Doctors Targeted in Opioid Crisis | Defending “Pill Mill” Allegations

Oct 27, 2017 @ 9:04 AM

This week, President Trump declared the opioid crises a Public Health Emergency. Earlier this year, Attorney General Jeff Session vowed a federal crackdown on doctors and pharmacists who are doling out a disproportionate number of opioids.
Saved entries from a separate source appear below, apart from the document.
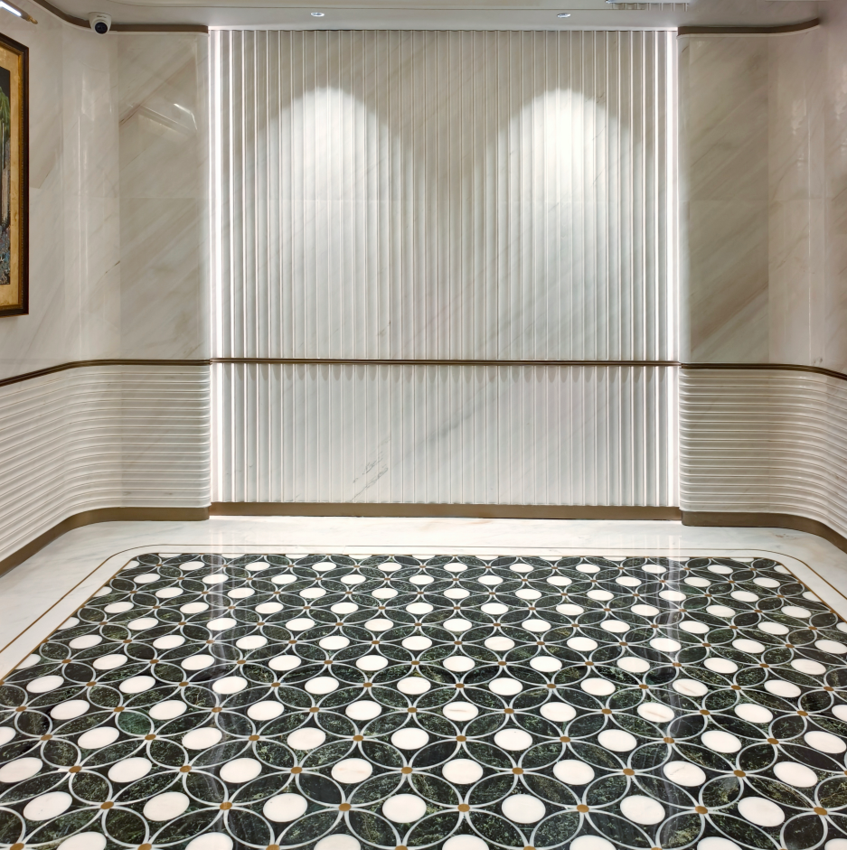 纹理: 底色是极为纯正柔和的象牙白色,质感温润细腻。暖色调的纹理划过板面,素雅不失灵动。
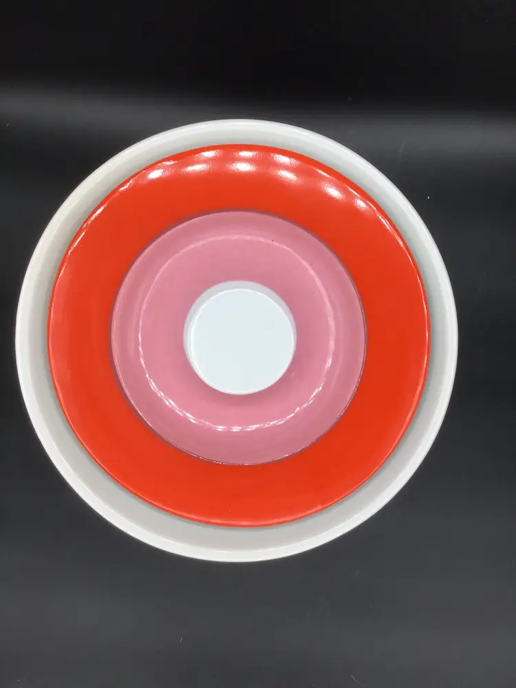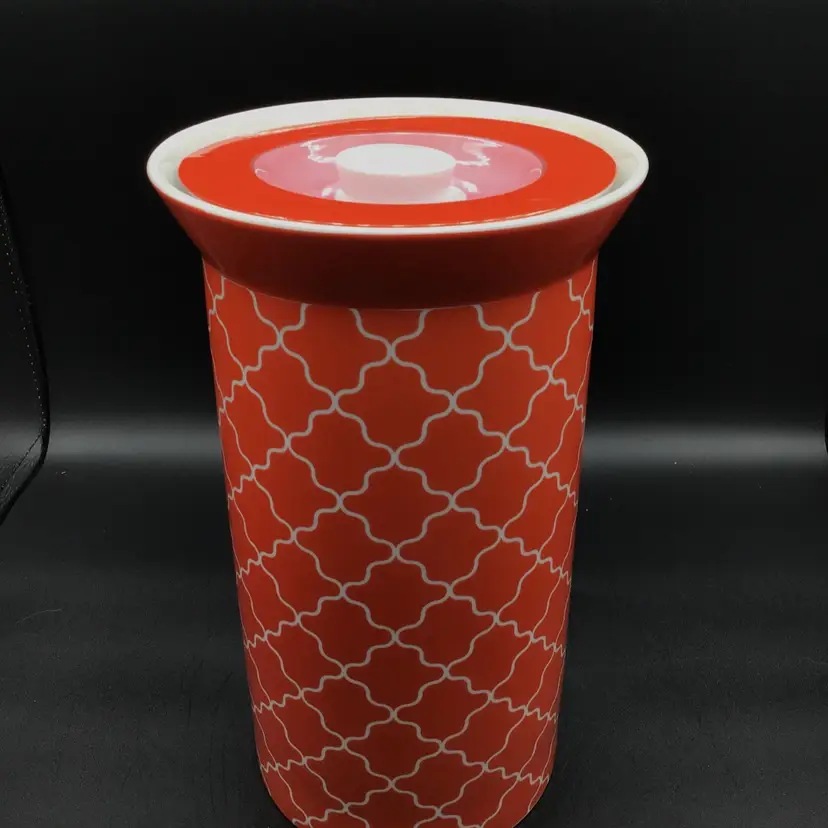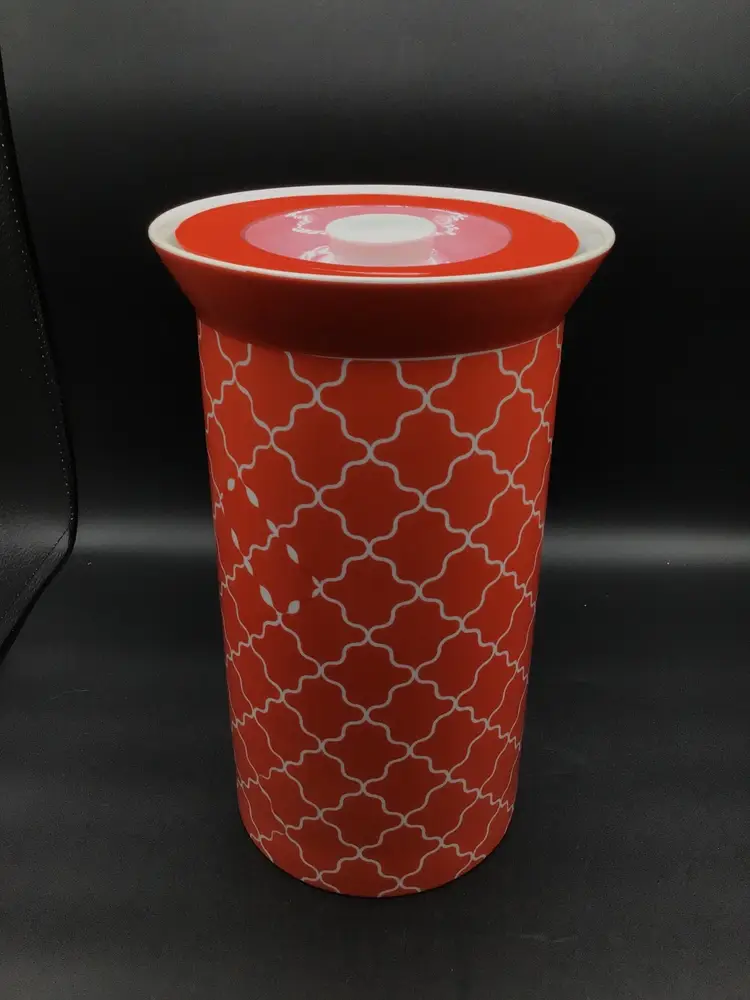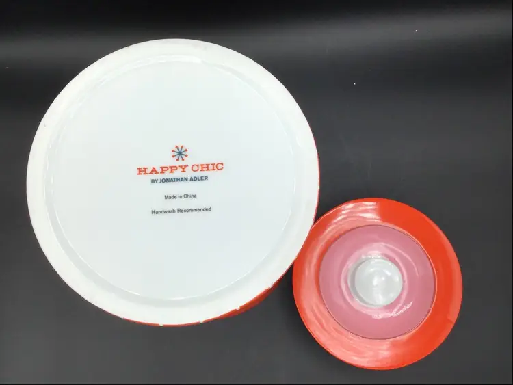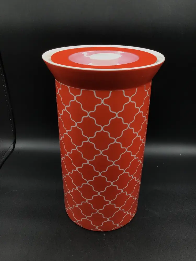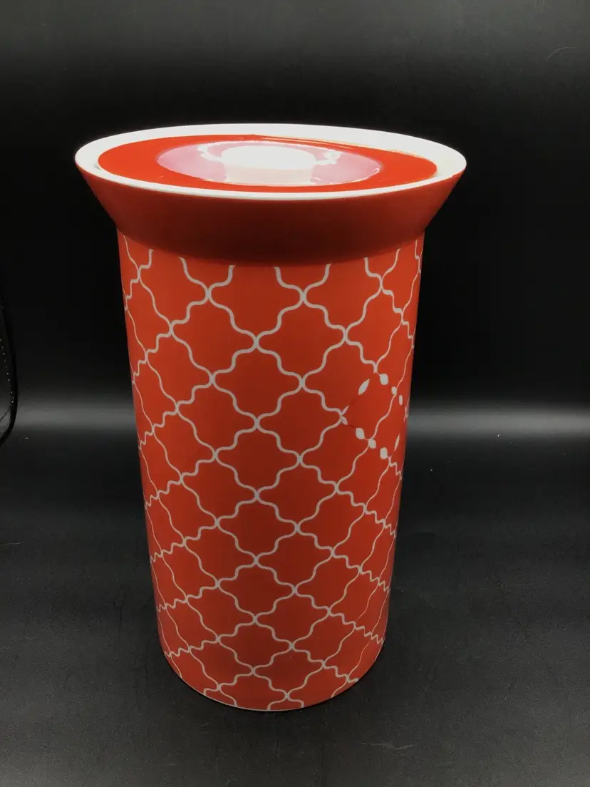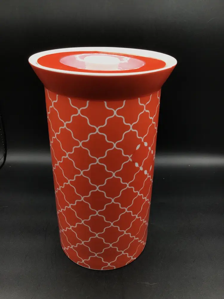 Beautiful orange MCM style, Jonathan Adler canister in the happy chic pattern. The stands just under 10 inches tall and 6 inches across the top. There are no chips, cracks, or flea bites. There is a manufacturing flaw in the pattern on the canister which is shown in the pictures. Please see pictures for complete description, measurements and conditions.
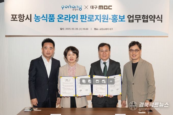 경북팩트뉴스 남유신 기자 | 포항시는 26일 지역 우수 농특산품과 소상공인의 온라인 판로 확장을 목표로 대구MBC㈜가 총괄 운영하는 소담스퀘어 대구와 디지털 커머스 활성화를 위한 업무협약을 체결했다.
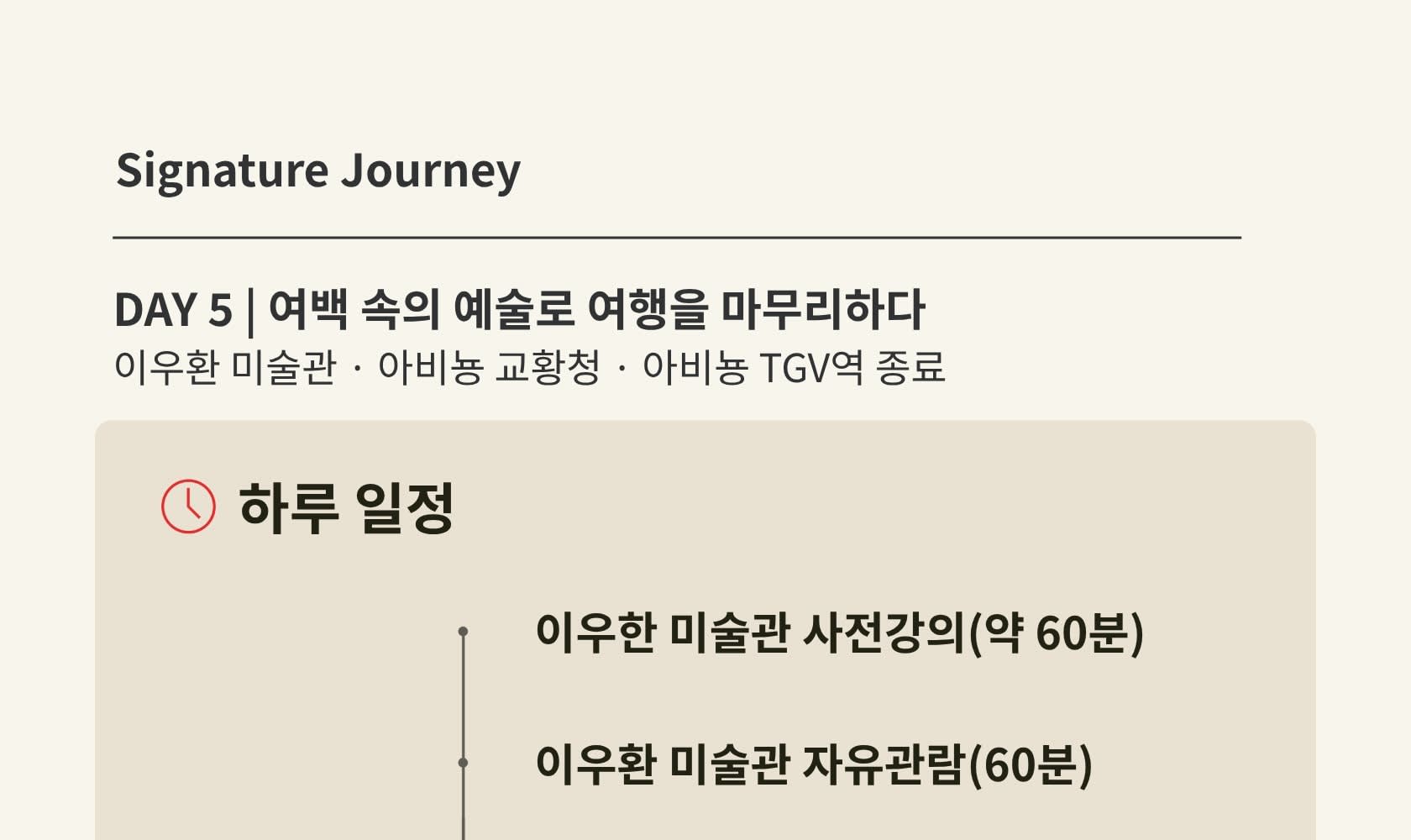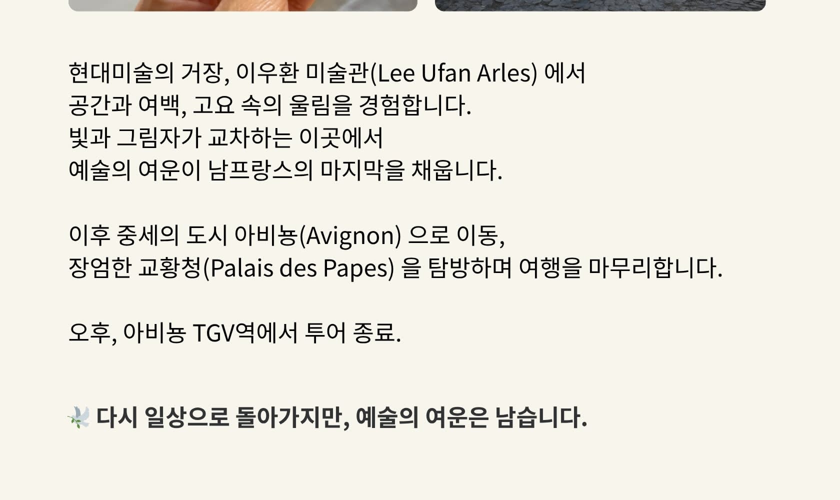 📍 이우환 미술관 사전 설명 & 자유관람 (약 2시간) 📍 아비뇽 이동 및 점심 자유식 (약 3시간) 📍 아비뇽 교황청 자유관람 🚌 투어 종료
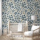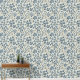 青エレガント水色花柄 壁紙
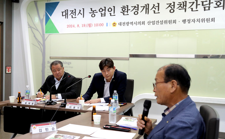 좌장을 맡은 송대윤 의원은 “대전은 3대 하천이 관통하고 계절적으로 농업에 적합한 환경을 갖추고 있지만 그린벨트가 많아 다양한 농업기반 시설 투자에 제약이 많아 품질 향상과 차별화 등의 특화된 농업 정책이 필요하다”고 강조하면서, “보다 나은 농업인 경영환경 개선을 위해 지역 농업인의 요구사항이 적극 반영될 수 있도록 정책 모니터링을 수시로 하겠다”고 말했다.
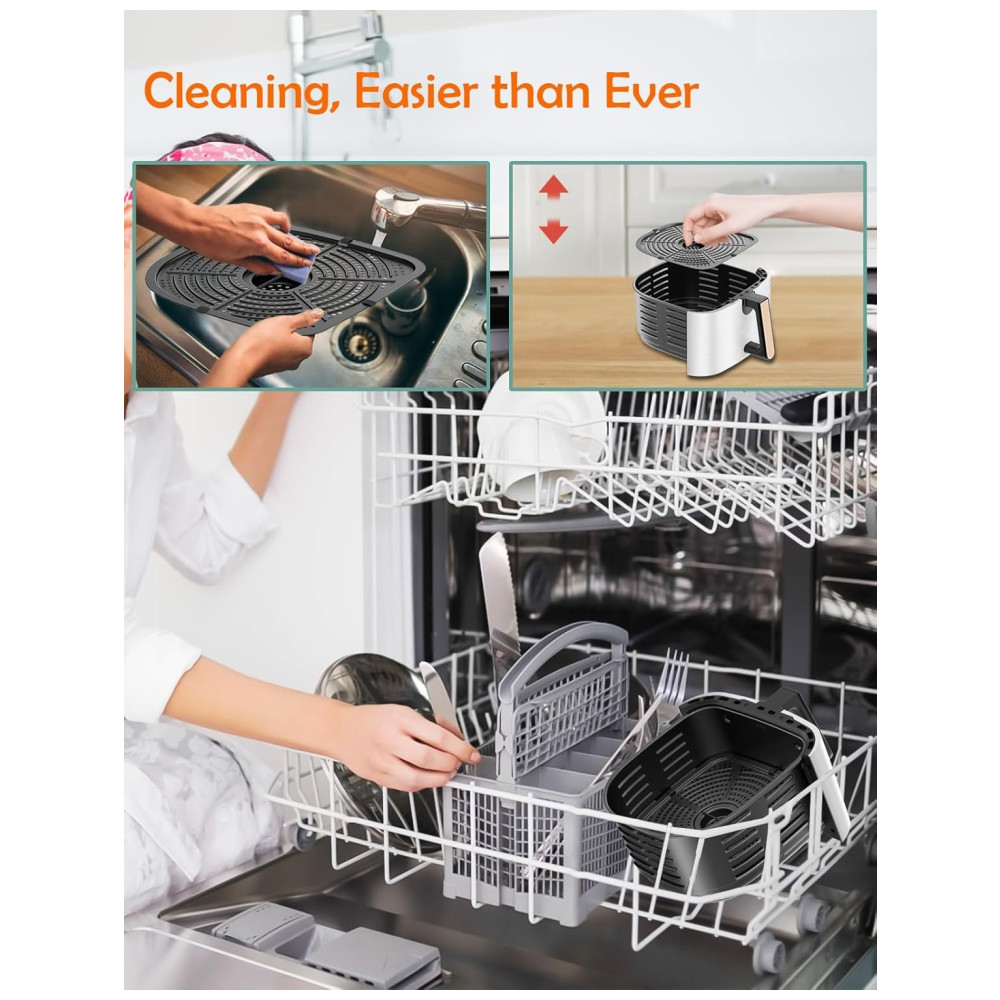 Atualizar material e simplicidade Nossa fritadeira de ar tem um botão de pressão para remover facilmente a cesta removível para máquina de lavar louça, uma panela antiaderente com revestimento de PTFE de alta qualidade, alça resistente ao calor, limpe rapidamente sem deixar gorduroso, sem medo de limpar o cozinha. Quando o tempo de cozimento termina e a fritadeira apita, uma experiência de sabor única espera por você.
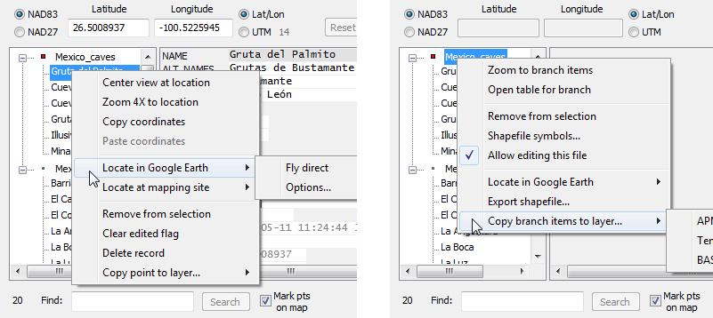 •Examine Attributes of Selected Items: When you select features using any of these methods the resizable Selected Points window will immediately open if not already open. It allows you to edit or view both locations and attributes, and also perform operations via two right-click context menus. One menu is for a selected record (below left) and the other is for all records selected in a particular shapefile (below right):
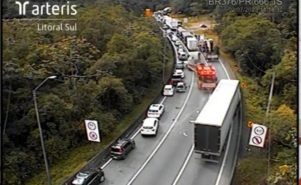 Um vídeo divulgado pela Concessionária Arteris Litoral Sul, que administra o trecho da BR-376 entre o Paraná e Santa Catarina, mostra o momento em que uma carreta desgovernada atinge vários carros e caminhões na rodovia, no fim da manhã deste domingo, 2, em Guaratuba, no litoral. Segundo a Polícia Rodoviária Federal (PRF), 15 veículos foram envolvidos no acidente e seis pessoas ficaram feridas.

The declaration that the crisis is a public health emergency frees up federal money for the DOJ and federal investigators to focus on perceived “pill mills.”

What are Opioids?

An opiate is a chemical derived from opium. An opioid is “opiate-like” but is man-made. Opioids include common drugs , such as oxycodone (OxyContin), hydrocodone (Vicodin), morphine, and methadone. They are commonly used for pain relief. Many opioids, such as OxyCodone, Hydrocodone, Vicodin, and Percocet, are regularly prescribed by doctors. Other painkillers, such as morphine and fentanyl, are used during surgery or to ease the suffering caused by cancer. The illegal and highly addictive street drug heroin is also an opioid.

opioid use

What is the Opioid Crisis?

According to the Center for Disease Control and Prevention, 259 million prescriptions for opioids were written in the United States in 2012. To understand the sheer number of prescriptions being written, that would be 82 prescriptions for opioids written for every 100 Americans.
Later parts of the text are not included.